### What the task requires
When you reach the line that holds "rq light t-2009", start copying exactly and keep going through the final line of the data, leaving out pictures.

(Saved data entries)
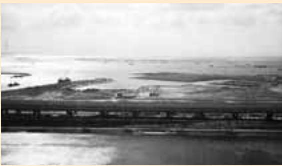
埋め立てがほぼ完成した(当時)南芦屋浜地区
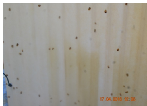
Gambar 4. Pertumbuhan awal
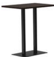
rq light t-2009
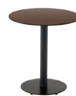
T13 MD-600φ - QV-MB ¥54,100 650H/脚400φ 天板:¥24,200 脚部:¥29,900 >> P373

※1200W 750D にEVシリーズの脚を合わせる場合は、EV2をご使用ください。

### Task solution
rq light t-2009
T13 MD-600φ - QV-MB ¥54,100 650H/脚400φ 天板:¥24,200 脚部:¥29,900 >> P373

※1200W 750D にEVシリーズの脚を合わせる場合は、EV2をご使用ください。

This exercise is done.